Cellobiohydrolase B of Aspergillus niger over-expressed in Pichia pastoris stimulates hydrolysis of oil palm empty fruit bunches
- Subject Areas
- Biochemistry, Biotechnology, Molecular Biology
- lignin, saccharification., Bioethanol, 4-methylumbelliferyl β-D-cellobioside, Cellic® CTec2, glycosylation
- © 2017 Woon et al.
- This is an open access article distributed under the terms of the Creative Commons Attribution License, which permits unrestricted use, distribution, reproduction and adaptation in any medium and for any purpose provided that it is properly attributed. For attribution, the original author(s), title, publication source (PeerJ Preprints) and either DOI or URL of the article must be cited.
- Cite this article
- 2017. Cellobiohydrolase B of Aspergillus niger over-expressed in Pichia pastoris stimulates hydrolysis of oil palm empty fruit bunches. PeerJ Preprints 5:e3044v1 https://doi.org/10.7287/peerj.preprints.3044v1
Background. Aspergillus niger along with many other lignocellulolytic fungi, has been widely used as a commercial workhorse for cellulase production. A fungal cellulase system generally includes three major classes of enzymes i.e. β-glucosidases, endoglucanases and cellobiohydrolases. Cellobiohydrolases (CBH) are vital to the degradation of crystalline cellulose present in lignocellulosic biomass. However, A. niger naturally secretes low levels of CBH. Hence, recombinant production of A. niger CBH is desirable to increase CBH production yield and also to allow biochemical characterisation of the recombinant CBH from A. niger.
Methods. In this study, the gene encoding a cellobiohydrolase B (cbhB) from A. niger ATCC 10574 was cloned and expressed in the methylotrophic yeast Pichia pastoris X-33. The recombinant CbhB was purified and characterised to study its biochemical and kinetic characteristics. To evaluate the potential of CbhB in assisting biomass conversion, CbhB was supplemented into a commercial cellulase preparation (Cellic® CTec2) and was used to hydrolyse oil palm empty fruit bunch (OPEFB), one of the most abundant lignocellulosic waste from the palm oil industry. To attain maximum saccharification, enzyme loadings were optimised by response surface methodology and the optimum point was validated experimentally. Hydrolysed OPEFB samples were analysed using attenuated total reflectance FTIR spectroscopy (ATR-FTIR) to screen for any compositional changes upon enzymatic treatment.

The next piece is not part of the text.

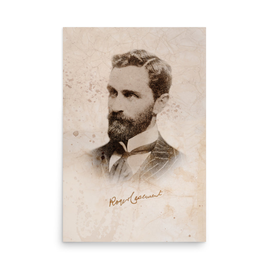 A vintage style homage to Roger David Casement. Born into an Anglo-Irish family in Sandycove, Dublin in 1864, Roger Casement was an Irish nationalist and human rights activist. Known for exposing human rights abuses in the Congo and Peru, he received a knighthood for his service as a British consul. However, his support for Irish independence led to his arrest and trial for treason in 1916. Casement's legacy is complex, celebrated as a humanitarian and condemned as a traitor by some. His execution by hanging marked a pivotal moment in Irish history during the Easter Rising.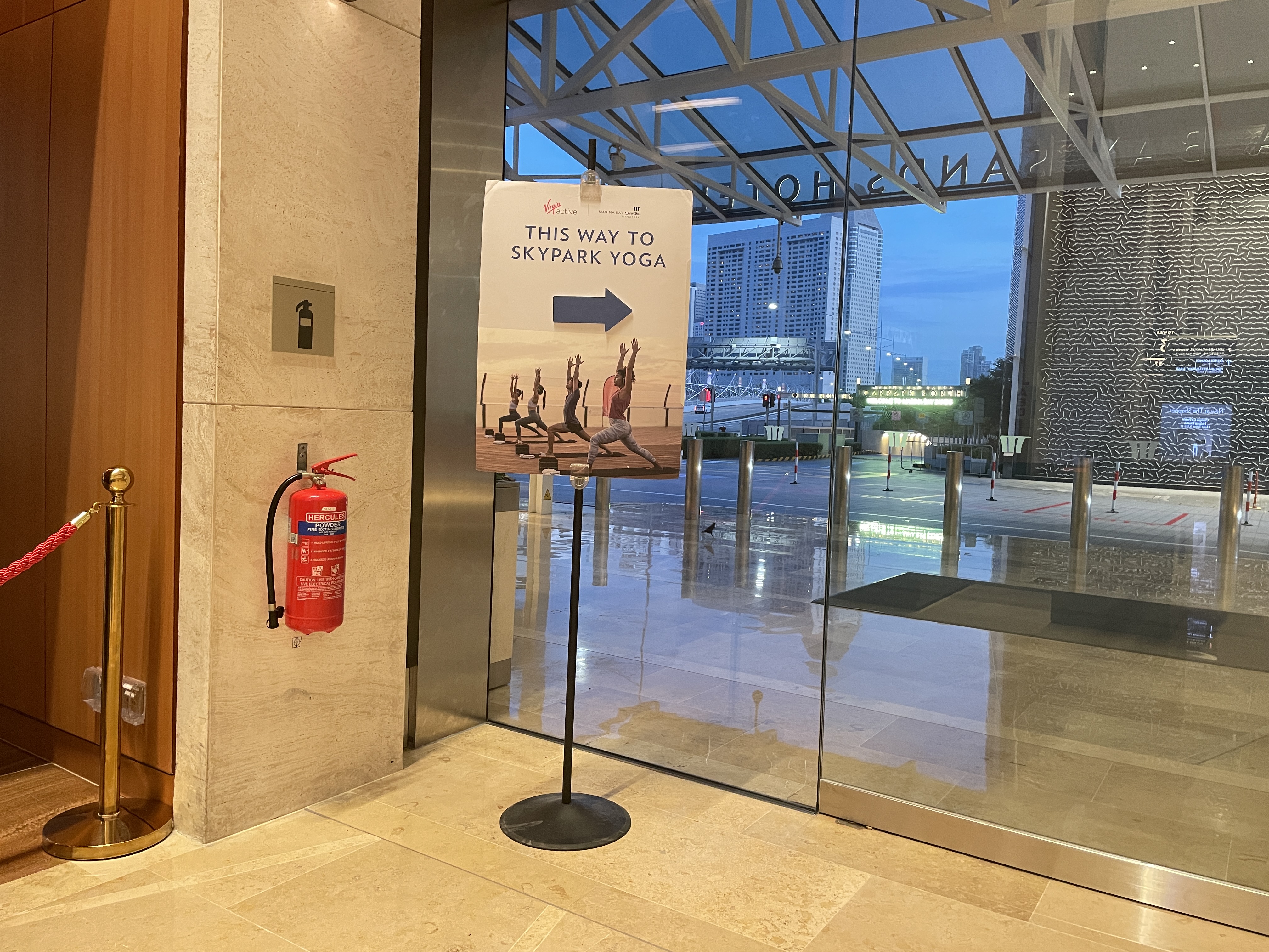 스카이파크 요가는 전망대 개장 전에 입장하는 프로그램이기 때문에 별도의 확인 절차를 통해 입장하게 되며, 너무 일찍 도착하면 이 표지판 앞에서 좀 기다리자. 잠시 후면 요가 예약자를 부르는 안내원이 와서 아까 잠겨있던 유리 문을 열어준다. 지하로 내려가는 에스컬레이터를 통해 57층으로 입장하게 된다. 그러니 지각은 하지 말자. 입장 자체가 어려울 수 있다.

Results. Recombinant CbhB was over-expressed as a hyperglycosylated protein attached to N-glycans. CbhB was enzymatically active towards soluble substrates such as 4-methylumbelliferyl-β-D-cellobioside (MUC), p-nitrophenyl-cellobioside (pNPC) and p-nitrophenyl-cellobiotrioside (pNPG3) but was not active towards crystalline substrates like Avicel® and Sigmacell cellulose. Characterisation of purified CbhB using MUC as the model substrate revealed that optimum catalysis occurred at 50 oC and pH 4 but the enzyme was stable between pH 3 to 10 and 30 to 80 oC. Although CbhB on its own was unable to digest crystalline substrates, supplementation of CbhB (0.37%) with Cellic® CTec2 (30%) increased saccharification of OPEFB by 27%. Compositional analyses of the treated OPEFB samples revealed that CbhB complementation reduced peak intensities of both crystalline cellulose Iα and Iβ in the treated OPEFB samples.
Discussion. Since CbhB alone was inactive against crystalline cellulose, these data suggested that it might work synergistically with other components of Cellic® CTec2. CbhB supplements were desirable as they further increased hydrolysis of OPEFB when the performance of Cellic® CTec2 was theoretically capped at an enzyme loading of 34% in this study. Hence, A. niger CbhB was identified as a potential supplementary enzyme for the enzymatic hydrolysis of OPEFB.